What the task requires: Every line below needs to be transcribed without alteration, and no image may be carried over.

Dataset extract:
============================================================

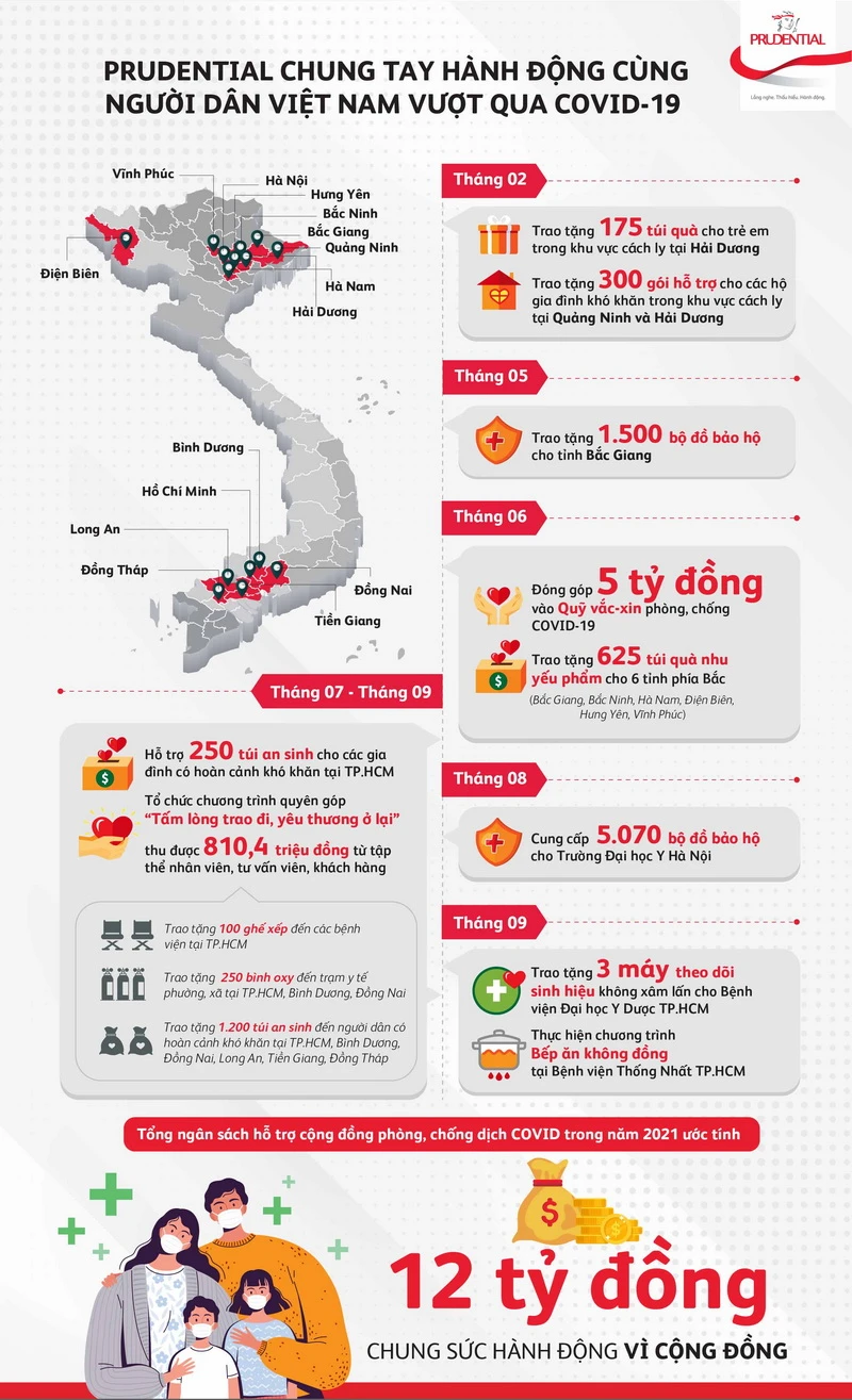 Từ đầu năm 2021 đến nay, Prudential ủng hộ 5 tỷ đồng vào Quỹ Vắc xin phòng COVID-19 của Chính phủ và hỗ trợ gần 3 tỷ đồng cho các hoạt động tại 15 tỉnh thành. Riêng trong quý IV-2021, Prudential tiếp tục phối hợp cùng Công ty TNHH Quản lý Quỹ Eastspring Investments (Eastspring Việt Nam) để thực hiện thêm các hoạt động cứu trợ thiết thực khác với ngân sách ước tính 4 tỷ đồng. Như vậy, ước tính các khoản đóng góp, hỗ trợ cộng đồng liên quan đến COVID-19 của Prudential trong năm 2021 tính đến tháng 9 đạt gần 12 tỷ đồng.
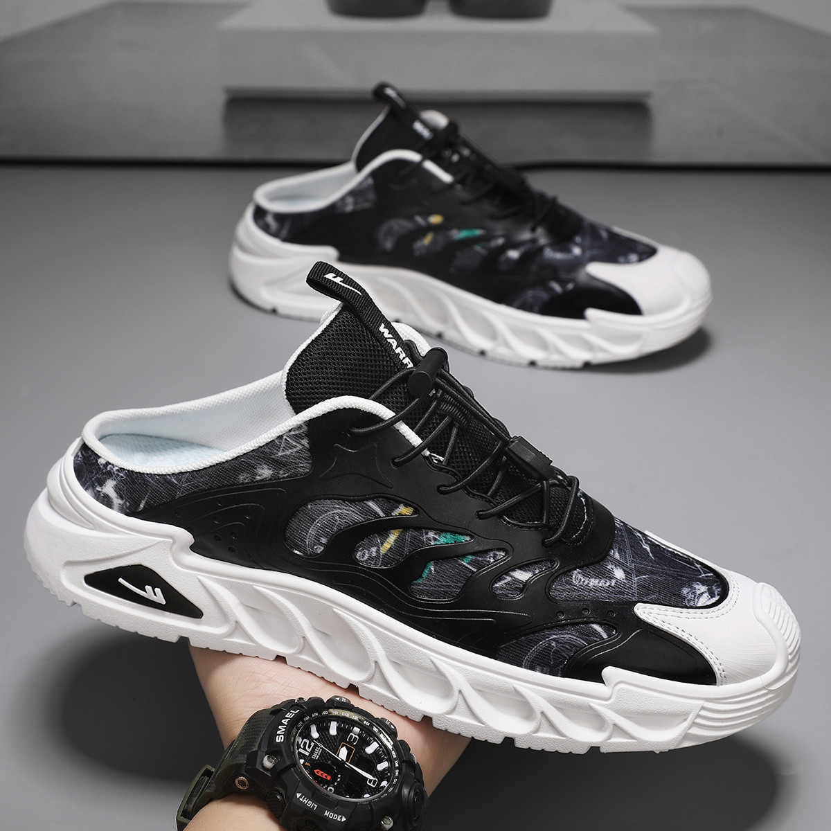 【热销爆款】25男鞋网面半拖鞋男透气休闲鞋潮流百搭一脚蹬男鞋 048148
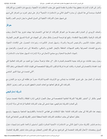 تارﺎﻣﻹا ﺔﻟود ﻰﻟإ ةدﺋارﻟا ﺔﯾﻣﻟﺎﻌﻟا تﺎﻛرﺷﻟا بذﺟ ﻰﻟإ ﻰﻌﺳﺗ ثﯾﺣ ،ﻲﺟﯾﺗارﺗﺳإ كﯾرﺷﻛ ةردﺎﺑﻣﻟا ﻰﻟإ.

============================================================

Response to this exercise:
 Từ đầu năm 2021 đến nay, Prudential ủng hộ 5 tỷ đồng vào Quỹ Vắc xin phòng COVID-19 của Chính phủ và hỗ trợ gần 3 tỷ đồng cho các hoạt động tại 15 tỉnh thành. Riêng trong quý IV-2021, Prudential tiếp tục phối hợp cùng Công ty TNHH Quản lý Quỹ Eastspring Investments (Eastspring Việt Nam) để thực hiện thêm các hoạt động cứu trợ thiết thực khác với ngân sách ước tính 4 tỷ đồng. Như vậy, ước tính các khoản đóng góp, hỗ trợ cộng đồng liên quan đến COVID-19 của Prudential trong năm 2021 tính đến tháng 9 đạt gần 12 tỷ đồng.
 【热销爆款】25男鞋网面半拖鞋男透气休闲鞋潮流百搭一脚蹬男鞋 048148
 تارﺎﻣﻹا ﺔﻟود ﻰﻟإ ةدﺋارﻟا ﺔﯾﻣﻟﺎﻌﻟا تﺎﻛرﺷﻟا بذﺟ ﻰﻟإ ﻰﻌﺳﺗ ثﯾﺣ ،ﻲﺟﯾﺗارﺗﺳإ كﯾرﺷﻛ ةردﺎﺑﻣﻟا ﻰﻟإ.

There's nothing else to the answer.